Samuel Oates was born in 1814, in Codnor, Derbyshire, near the Nottinghamshire border. He was well educated - the Wairarapa Archive has his schoolboy copybook, filled with his juvenile copperplate script. He initially trained as a surveyor but later took up farming.
Samuel married Jane Bonsall. They first lived in Codnor, but moved to Woodthorpe, where they raised six children on their leased farm.
Times were tough and, following the bad winter of 1852, and the death of their youngest child William, Samuel tried his luck further afield, choosing the Victorian goldfields. He left his wife and five children behind, on the understanding that if things panned out well he would send for them. He left Liverpool bound for Melbourne in October 1852.
Things did not turn out as Samuel had hoped in Victoria and he was working as a labourer when he saw that the Wellington Provincial Council was seeking new migrants.
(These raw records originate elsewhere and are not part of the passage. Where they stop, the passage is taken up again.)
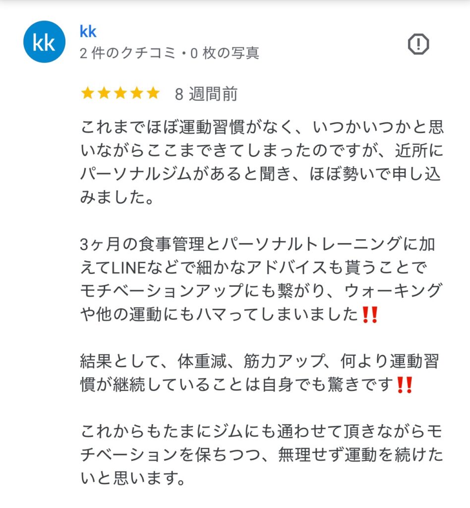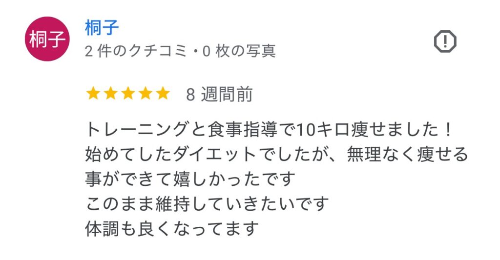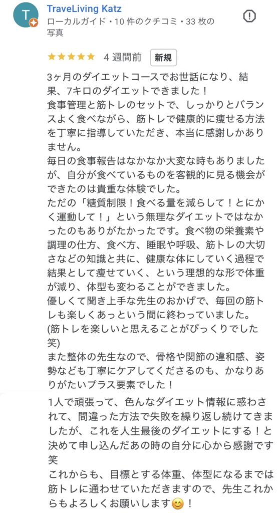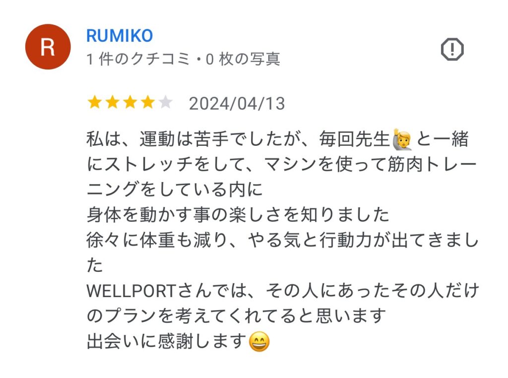 ここは無理な運動がなく、体の状態を見ながら進めてくれるので安心でした。
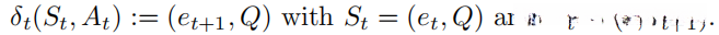环境通过根据先前的动作更新状态来确定性的进化。形式上,过渡函数为:
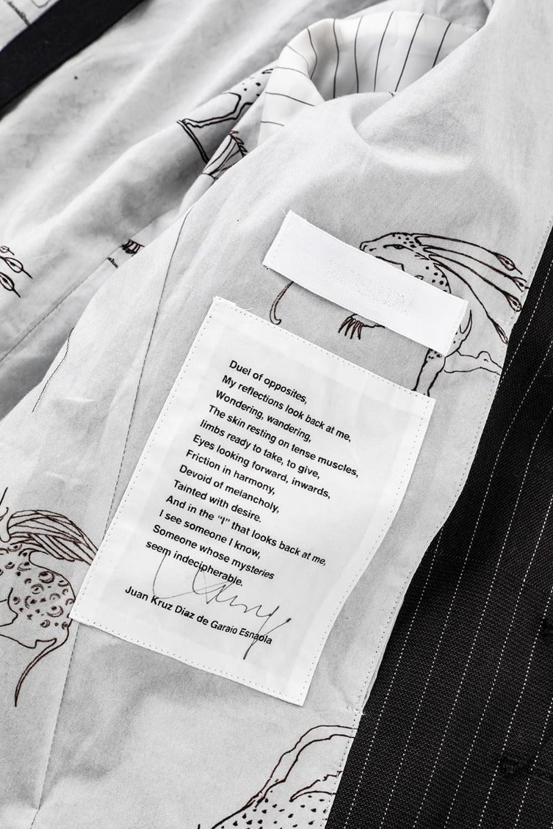 Band collar jacket made of 6 different fabrics An art work of Nine Beasts by Evelyn Gerbaud are printed on the lining Comes with Harness.

He decided to try his luck in New Zealand.
Family legend says that Samuel Oates started working for Charles Rooking Carter almost as soon as he arrived in New Zealand in January 1856, assisting with the construction of a hotel and a butcher’s shop. Carter then asked him to take some goods to his Wairarapa farm. Samuel’s three-day journey over the Rimutakas, pulling and pushing a substantial wooden wheelbarrow, became Wairarapa legend.
Samuel, thirsty after his long journey, pulled up outside the Rising Sun Hotel, in Greytown. He popped inside to quench his thirst, and on returning to his barrow, found that three of the gum trees Carter reputedly brought back from Australia, had been removed from the barrow.
These three stolen gum trees were planted in various sites in Greytown. The one survivor is the giant Eucalyptus regnans in the grounds of St Luke’s Anglican Church.
Samuel worked on constructing roads for the government to save enough to purchase some land, and to bring his wife and family from England. He purchased land at Parkvale by April 1856.
Jane was reluctant to leave England, but family circumstances forced her to. She and the Oates children were living with her parents. Her brother Joseph became more and more antagonistic to the Oates family and Jane and her children left England on the Oliver Lang in September 1856, never to return.
Her life, and that of the Oates family on the 'Peachgrove Farm' on the Taratahi Plain, is well documented, as she wrote to her sister back in Derbyshire, and the correspondence to and fro has been preserved. The Wairarapa Archive has published these letters as Dear sister : letters between a pioneer Wairarapa family and relatives in rural England 1856-1883.
Samuel and Jane Oates owned 300 acres at Peachgrove. Although never wealthy they had succeeded in their new land, and their children were all well-established by the time Jane died in 1883. Samuel died in 1892.